(Dataset excerpts)
=== Section Start ===

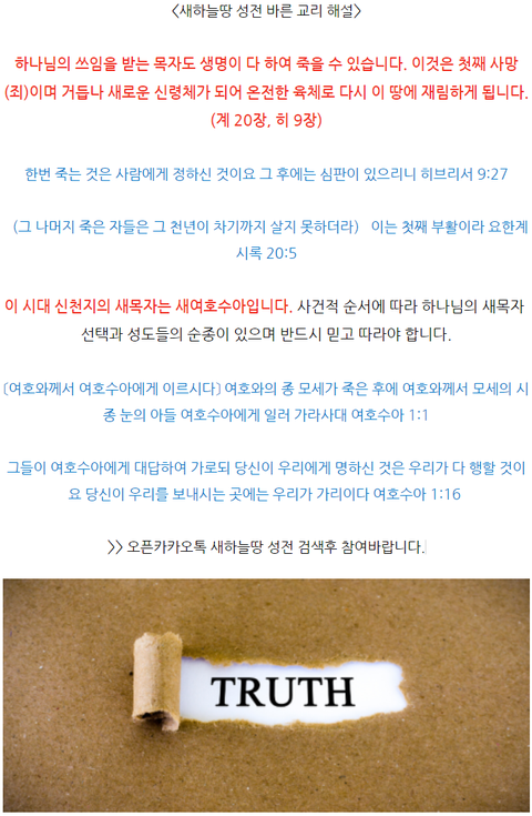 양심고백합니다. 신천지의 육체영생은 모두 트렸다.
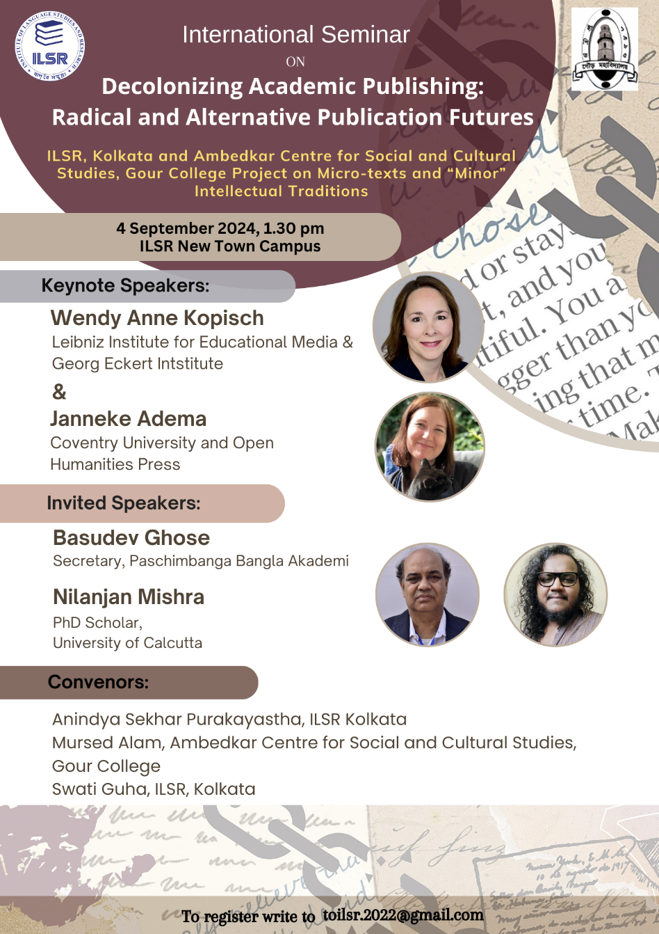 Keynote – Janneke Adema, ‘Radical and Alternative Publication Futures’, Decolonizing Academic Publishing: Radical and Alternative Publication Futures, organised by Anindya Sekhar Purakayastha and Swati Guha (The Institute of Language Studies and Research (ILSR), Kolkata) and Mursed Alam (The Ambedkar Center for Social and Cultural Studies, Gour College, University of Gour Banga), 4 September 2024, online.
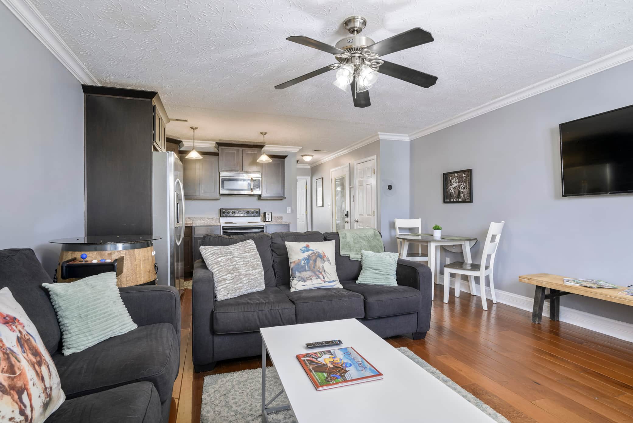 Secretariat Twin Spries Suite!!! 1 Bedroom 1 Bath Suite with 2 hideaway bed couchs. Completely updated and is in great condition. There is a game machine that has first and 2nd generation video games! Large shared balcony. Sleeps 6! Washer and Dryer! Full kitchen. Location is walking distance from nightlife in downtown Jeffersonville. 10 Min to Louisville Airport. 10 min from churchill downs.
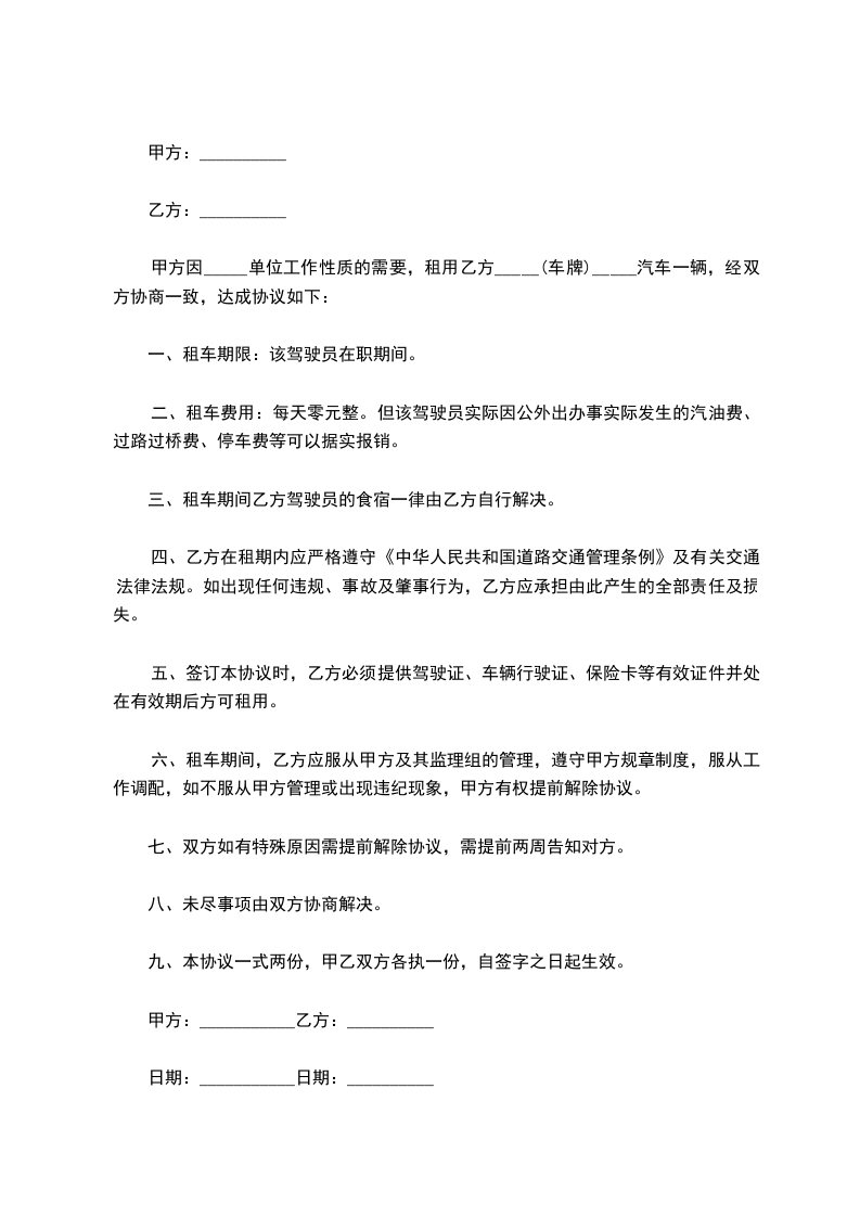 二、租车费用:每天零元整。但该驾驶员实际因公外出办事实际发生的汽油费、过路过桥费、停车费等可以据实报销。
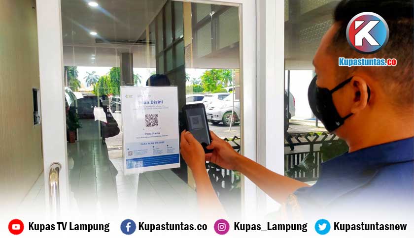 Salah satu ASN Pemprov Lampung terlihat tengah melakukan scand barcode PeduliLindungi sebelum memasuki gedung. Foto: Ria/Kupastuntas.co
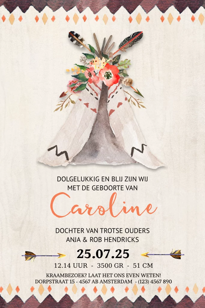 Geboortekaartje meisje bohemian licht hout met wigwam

=== Section End ===
=== Section Start ===

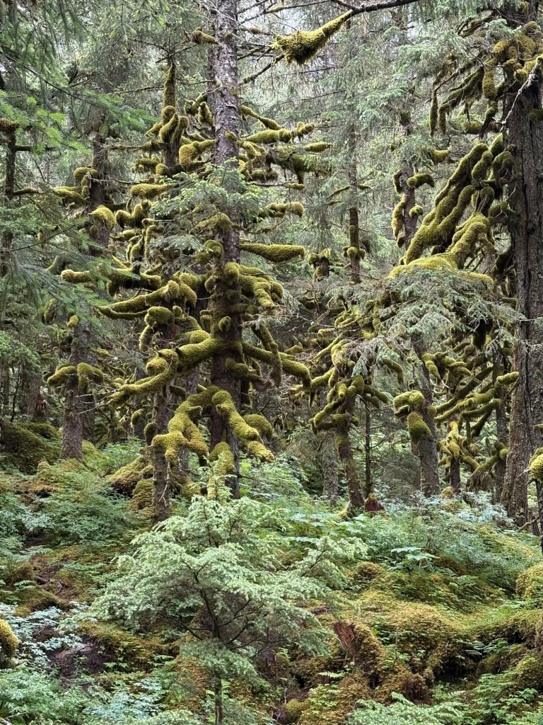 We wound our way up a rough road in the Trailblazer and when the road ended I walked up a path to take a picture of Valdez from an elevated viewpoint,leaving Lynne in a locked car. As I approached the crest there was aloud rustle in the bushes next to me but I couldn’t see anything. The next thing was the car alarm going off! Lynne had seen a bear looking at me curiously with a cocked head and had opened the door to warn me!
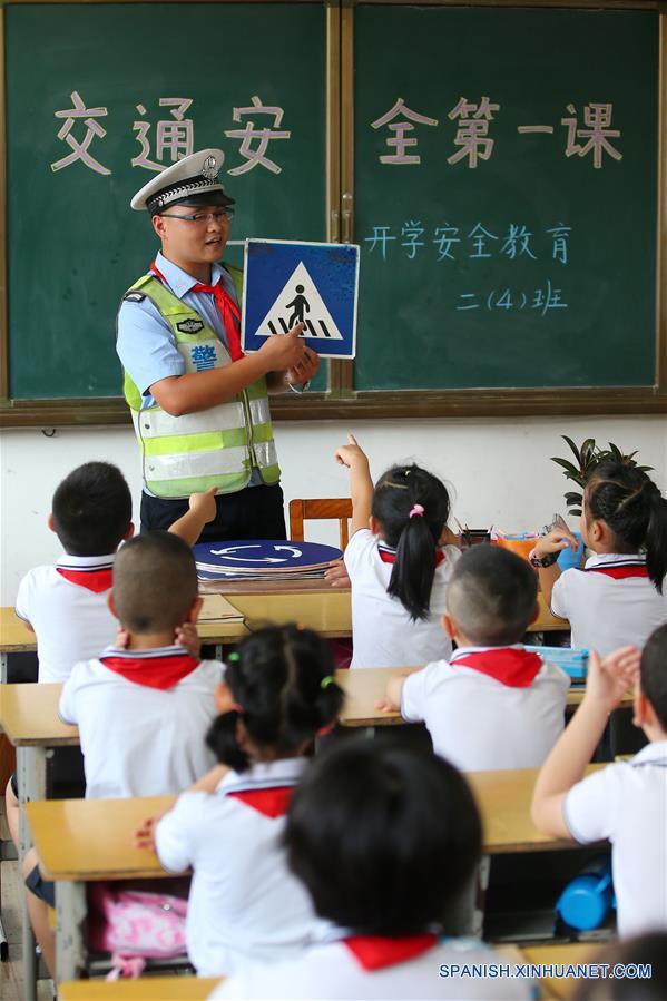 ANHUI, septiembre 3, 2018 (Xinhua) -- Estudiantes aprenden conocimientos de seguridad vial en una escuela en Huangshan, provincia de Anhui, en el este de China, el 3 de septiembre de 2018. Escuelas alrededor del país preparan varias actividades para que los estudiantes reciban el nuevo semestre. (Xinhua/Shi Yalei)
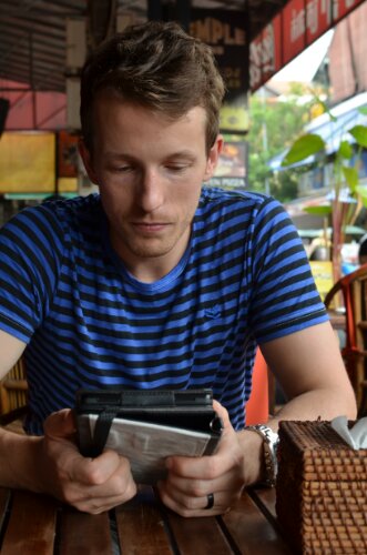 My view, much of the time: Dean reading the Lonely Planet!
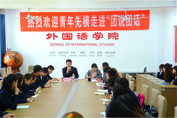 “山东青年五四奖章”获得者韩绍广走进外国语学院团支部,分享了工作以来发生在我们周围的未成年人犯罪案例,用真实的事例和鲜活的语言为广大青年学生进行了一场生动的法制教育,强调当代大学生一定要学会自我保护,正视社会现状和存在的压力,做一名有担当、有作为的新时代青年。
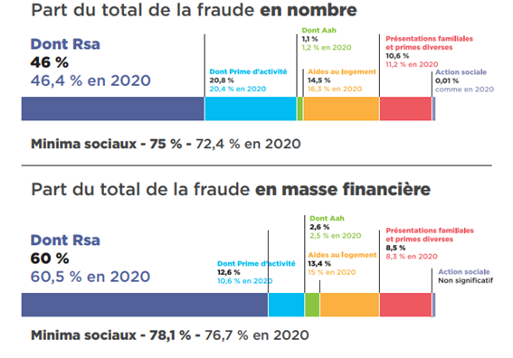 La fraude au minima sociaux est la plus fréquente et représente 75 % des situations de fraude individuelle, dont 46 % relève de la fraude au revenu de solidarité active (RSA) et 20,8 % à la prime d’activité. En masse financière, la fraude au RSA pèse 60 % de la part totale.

=== Section End ===

- Your goal
The data above holds the lines to copy: start at the one with "Secretariat Twin Spries", stop at the one with "Geboortekaartje meisje bohemian", include both, copy them exactly without pictures, and copy nothing else.

- Answer space
 Secretariat Twin Spries Suite!!! 1 Bedroom 1 Bath Suite with 2 hideaway bed couchs. Completely updated and is in great condition. There is a game machine that has first and 2nd generation video games! Large shared balcony. Sleeps 6! Washer and Dryer! Full kitchen. Location is walking distance from nightlife in downtown Jeffersonville. 10 Min to Louisville Airport. 10 min from churchill downs.
 二、租车费用:每天零元整。但该驾驶员实际因公外出办事实际发生的汽油费、过路过桥费、停车费等可以据实报销。
 Salah satu ASN Pemprov Lampung terlihat tengah melakukan scand barcode PeduliLindungi sebelum memasuki gedung. Foto: Ria/Kupastuntas.co
 Geboortekaartje meisje bohemian licht hout met wigwam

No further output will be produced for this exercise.